А деревенька  вся, как на ладошке – махонькая, где десятка два деревянных срубов с приземистыми крышами, с побеленными известкой мазанками
 и  похожими на сказочные избушки бабки Ёшки, погребушками,
 притулились друг к дружке…
Чуть поодаль, через дорогу -  родник с холоднющей водой, словно из хрусталя переливчатого. Брызги так  и завораживают, так и играют на солнце всеми цветами радуги!

А вокруг колоды стоят вековые ветлы–исполины, стволы необхватные, высоченные. Бабушка говорила, что лет по триста им, не меньше…
Но что интересно, как пойдешь к роднику–то,  зашелестит листва, ветвями,
 словно изможденными жилистыми кистями затрясет, да и заплачет, будто девка разнесчастная - так и закрапает на тебя капель с ветвей…
Даже в жаркий день роняет ветла свои печальные слезы…
Бабушка на то Аришке сказывала, что, мол, потому те дерева кручинятся, что давным-давно заключены в них были души  грешниц, которые страсти и смуту сеяли по свету…
Горделивы они были своей красотой, но счастья никому не приносили:  сердца холодны, расчетливы, а кровь горяча, да только все от Мамоны:

Есть поверье – души грешных обретают тело древа…
Те, что страстью жили спешной от несдержанности чрева…
Наказанье за беспутство было для блудниц ужасным –
Огнедышащие чувства под корой огнеопасны…
Жадно ветлы вековые тянут скрюченные ветки…
Слезы капают скупые скованных в древесной клетке…
Почему горят леса? Может это небеса, души грешных
Очищая, снова к жизни возвращают?
И когда огонь пожарищ пепелит порока завязь,
Сучья, в пепел превращаясь, шепчут тихо: «Каюсь, каюсь…»

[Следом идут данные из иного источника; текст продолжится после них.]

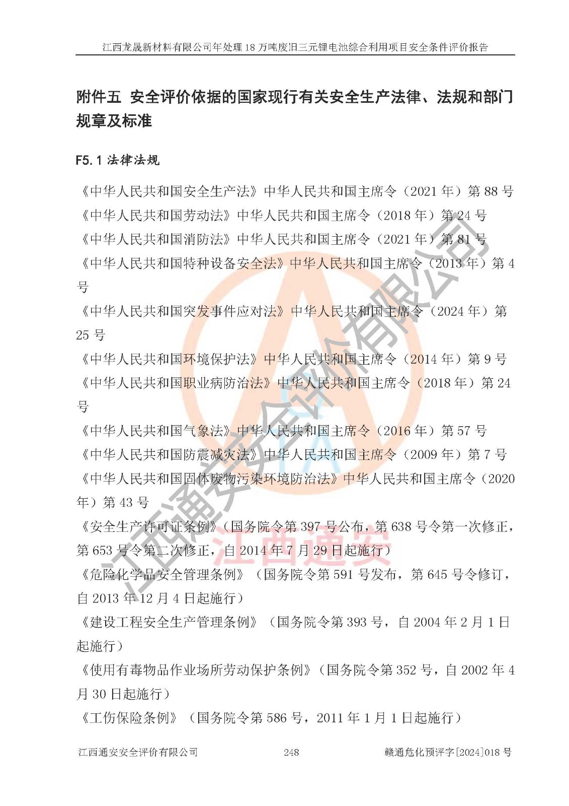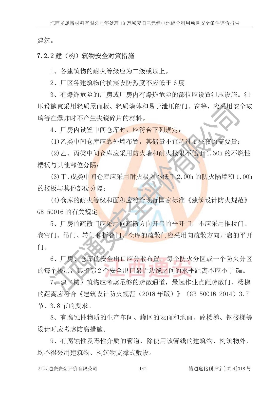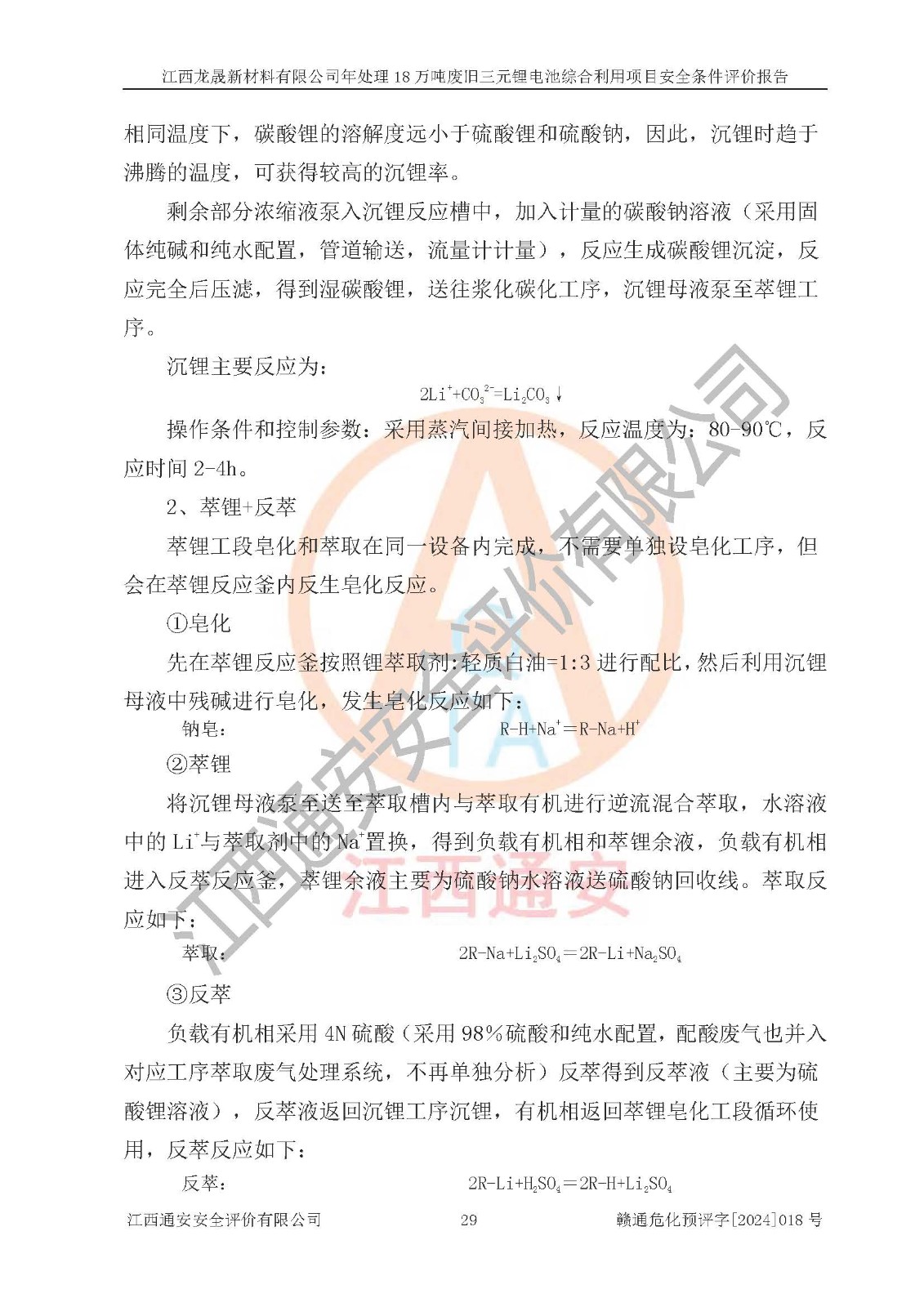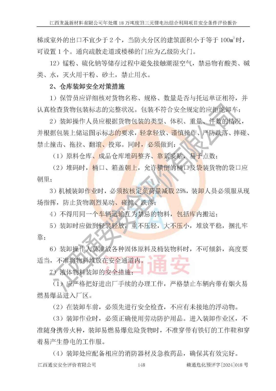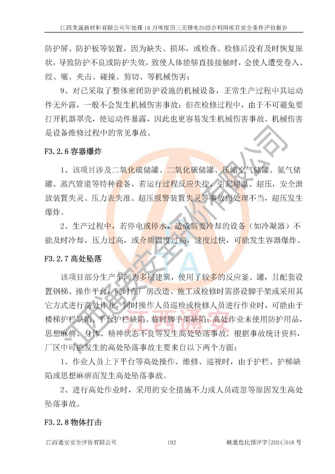 评价结论 | 江西龙晟新材料有限公司年处理18万吨废旧三元锂电池综合利用项目在以后的初步设计、施工图设计和建设施工、安装调试及生产运行中,如能严格执行**有关安全生产的法律法规、规章、标准、规范,认真落实项目可行性研究报告提出的安全对策措施,并合理采纳本报告中提出的安全对策措施及建议,真正做到安全设施与主体工程同时设计、同时施工、同时投入生产和使用,则工程潜在的危险、有害因素可得到**控制,风险在**控制和可接受范围内。 | |||

И правда,  не раз и не два вспыхивали те ветлы, словно кто-то изнутри их воспламенял, но люди тушили всем миром, ведь рядом дома – займутся огнем, особенно в сухую, ветреную погоду – выгорит вся деревня!
 А спилить никто не решается:  говорят, начинают стенать и скрипеть эти дерева, будто по живой плоти человеческой острием задеваешь…Сколько еще им, неприкаянным, маяться!
Много разных историй знает бабушка.  Аришка же – страсть как сказки да старинные легенды любит слушать!

-  Бабуль, а Боженька справедливый? Он всем помогает?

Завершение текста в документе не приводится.